> _Records excerpted from a collection_:
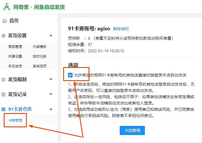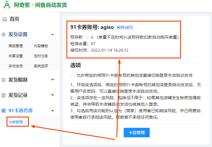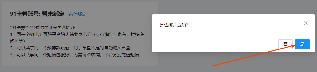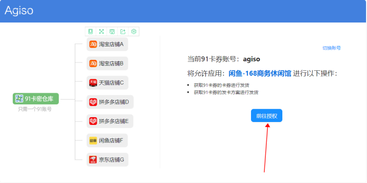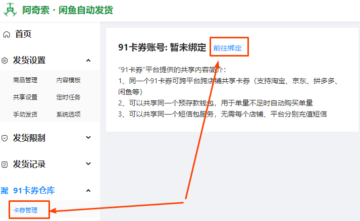 进入闲鱼自动发货页面---卡券管理---前往绑定---输入账号密码登录91卡券仓库---登录---前往授权---点击“是”
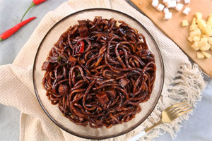 6. 加适量水,煮制浓稠关火7. 水烧开,下入面条煮沸,加入适量冷水煮熟,捞出过凉8. 淋上酱汁,拌匀开吃
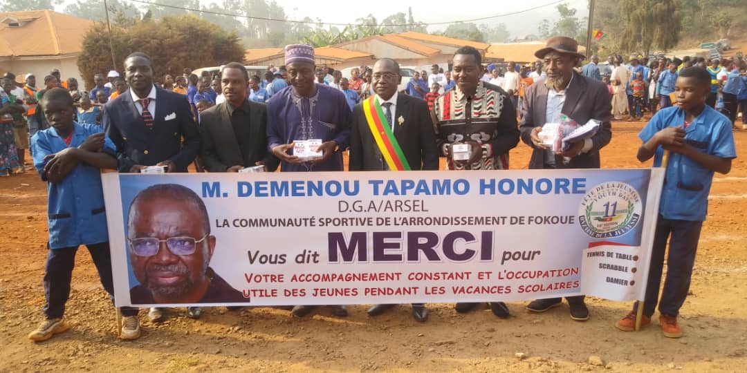 – tournois de tennis de table, scrabble et Damier, de l’Association Sportivement KAMDJOUG MAKAMKEU Véronique (AS-KMV) du DGA ARSEL DEMENOU TAPAMO Honoré par ailleurs président de la Section RDPC Menoua Sud-Est qui était accompagné ce jour du président National de la Fédération Camerounaise du Tennis de Table BAGUEKA ASSOBO Alfred, qui en plus de son soutien à l’AS-KMV dans la vulgarisation du tennis de table dans la commune de Fokoué, n’est pas venu les mains vides: le Haut commis de l’Etat, ancien Directeur Général des impôts et ancien Directeur Général de COTCO a mis à la disposition des populations de Fokoué une table olympique de tennis de table des balles…
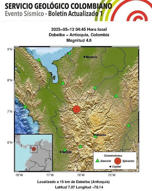 Dabeiba, Antioquia, Colombia – En la madrugada del 12 de mayo de 2023, a las 04:45 hora local, se registró un evento sísmico en la región de Dabeiba, ubicada en el departamento de Antioquia, Colombia. Según el Boletín Actualizado 1 emitido por las autoridades sismológicas, el sismo tuvo una magnitud de 4.6 en la escala de Richter y una profundidad de 40 kilómetros.
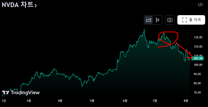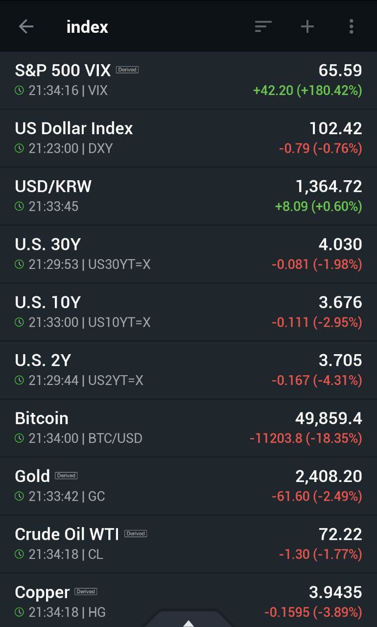 이걸 웬걸 아침 8시부터 미국 나스닥 선물이 -2%로 시작하질 않나, 아침 프리장 오픈부턴 엔비디아 x2가 -20%를 쳐맞아버리는등 손쓸 방법이 없었다
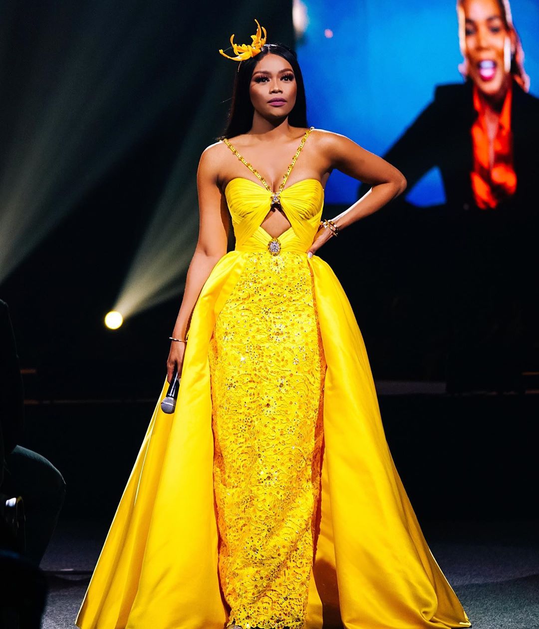 The television personality and host shone brightly at the 2019 Miss South Africa pageant in a mustard yellow gown by the designer.
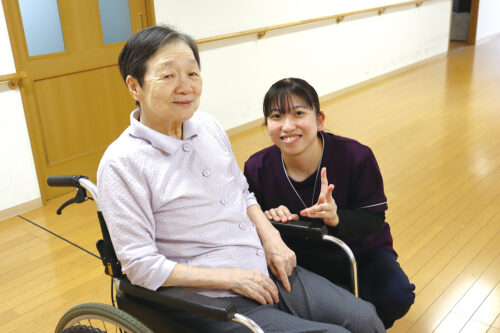 離床・食事・トイレ・入浴介助など身の回りのケアを担当。先輩を見習いながら、自分なりの方法で、一人ひとりに合わせた距離感や価値観を尊重しています。
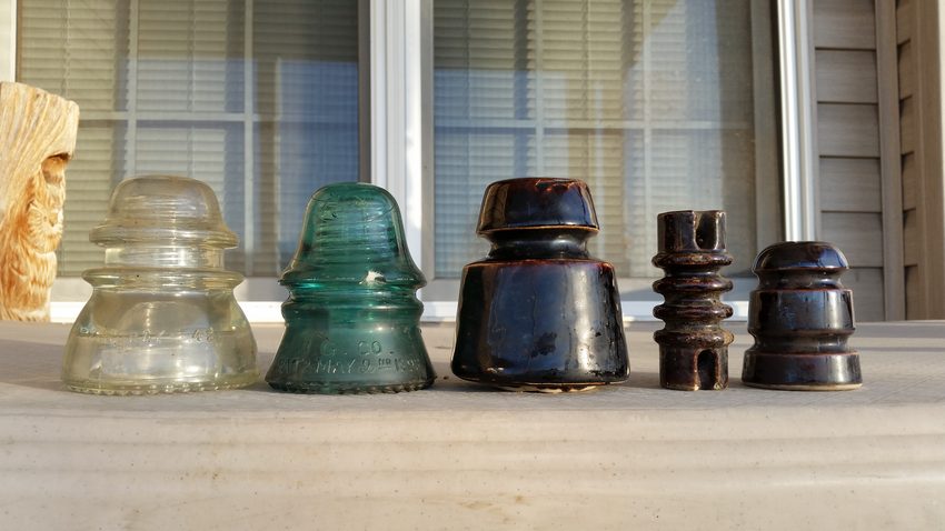 Hemingray 42, HG Co 151 [140], Pittsburg haystack, bigger porcelain strain, Ohio Brass exchange insulator
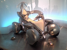 ロボットと兄ちゃんが去ると、いよいよメインショーの始まりだ。未来型自動車「i-Unit」が繰り広げるパフォーマンスだ。スタンドの通路にまで登場する。電飾されたその車は見事なシンクロを見せる。早いスピードでぎりぎりクロスしたりする。このパフォーマンスも知らない人はプログラミングされた軌道を移動しているだけだと思うだろう。でも実は「絶対にぶつからない車」のデモンストレーションなのだ。これも事前に説明が無い。トヨタはなんとも潔い。後から見たパビリオンは殆どが自らの技術力をアピールしまくっていた。そういう点でもトヨタ館は素晴らしい。また、i-Unitのパフォーマンスに合わせて、ワイヤーロープに繋がれた生身(衣装は着てます)の人間が演舞を見せる。これがまた凄く素晴らしい!なぜ空中であんなにゆっくりと美しい演舞が出来るのだろう…。
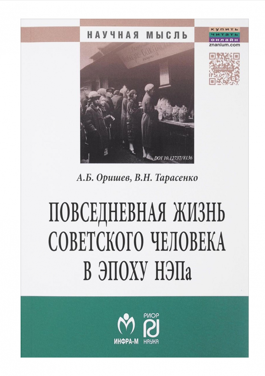 Оришев А.Б., Тарасенко В.Н. Повседневная жизнь советского человека в эпоху НЭПа : историографический анализ : Монография. – М. ; РИОР : ИНФРА-М, 2017. – 148 с. – (Научная мысль). URL: http://znanium.com/bookread2.php?book=757919

> _Requirement_:
The records above should be returned exactly; no image belongs in the copy.

> _Response_:
 进入闲鱼自动发货页面---卡券管理---前往绑定---输入账号密码登录91卡券仓库---登录---前往授权---点击“是”
 6. 加适量水,煮制浓稠关火7. 水烧开,下入面条煮沸,加入适量冷水煮熟,捞出过凉8. 淋上酱汁,拌匀开吃
 – tournois de tennis de table, scrabble et Damier, de l’Association Sportivement KAMDJOUG MAKAMKEU Véronique (AS-KMV) du DGA ARSEL DEMENOU TAPAMO Honoré par ailleurs président de la Section RDPC Menoua Sud-Est qui était accompagné ce jour du président National de la Fédération Camerounaise du Tennis de Table BAGUEKA ASSOBO Alfred, qui en plus de son soutien à l’AS-KMV dans la vulgarisation du tennis de table dans la commune de Fokoué, n’est pas venu les mains vides: le Haut commis de l’Etat, ancien Directeur Général des impôts et ancien Directeur Général de COTCO a mis à la disposition des populations de Fokoué une table olympique de tennis de table des balles…
 Dabeiba, Antioquia, Colombia – En la madrugada del 12 de mayo de 2023, a las 04:45 hora local, se registró un evento sísmico en la región de Dabeiba, ubicada en el departamento de Antioquia, Colombia. Según el Boletín Actualizado 1 emitido por las autoridades sismológicas, el sismo tuvo una magnitud de 4.6 en la escala de Richter y una profundidad de 40 kilómetros.
 이걸 웬걸 아침 8시부터 미국 나스닥 선물이 -2%로 시작하질 않나, 아침 프리장 오픈부턴 엔비디아 x2가 -20%를 쳐맞아버리는등 손쓸 방법이 없었다
 The television personality and host shone brightly at the 2019 Miss South Africa pageant in a mustard yellow gown by the designer.
 離床・食事・トイレ・入浴介助など身の回りのケアを担当。先輩を見習いながら、自分なりの方法で、一人ひとりに合わせた距離感や価値観を尊重しています。
 Hemingray 42, HG Co 151 [140], Pittsburg haystack, bigger porcelain strain, Ohio Brass exchange insulator
 ロボットと兄ちゃんが去ると、いよいよメインショーの始まりだ。未来型自動車「i-Unit」が繰り広げるパフォーマンスだ。スタンドの通路にまで登場する。電飾されたその車は見事なシンクロを見せる。早いスピードでぎりぎりクロスしたりする。このパフォーマンスも知らない人はプログラミングされた軌道を移動しているだけだと思うだろう。でも実は「絶対にぶつからない車」のデモンストレーションなのだ。これも事前に説明が無い。トヨタはなんとも潔い。後から見たパビリオンは殆どが自らの技術力をアピールしまくっていた。そういう点でもトヨタ館は素晴らしい。また、i-Unitのパフォーマンスに合わせて、ワイヤーロープに繋がれた生身(衣装は着てます)の人間が演舞を見せる。これがまた凄く素晴らしい!なぜ空中であんなにゆっくりと美しい演舞が出来るのだろう…。
 Оришев А.Б., Тарасенко В.Н. Повседневная жизнь советского человека в эпоху НЭПа : историографический анализ : Монография. – М. ; РИОР : ИНФРА-М, 2017. – 148 с. – (Научная мысль). URL: http://znanium.com/bookread2.php?book=757919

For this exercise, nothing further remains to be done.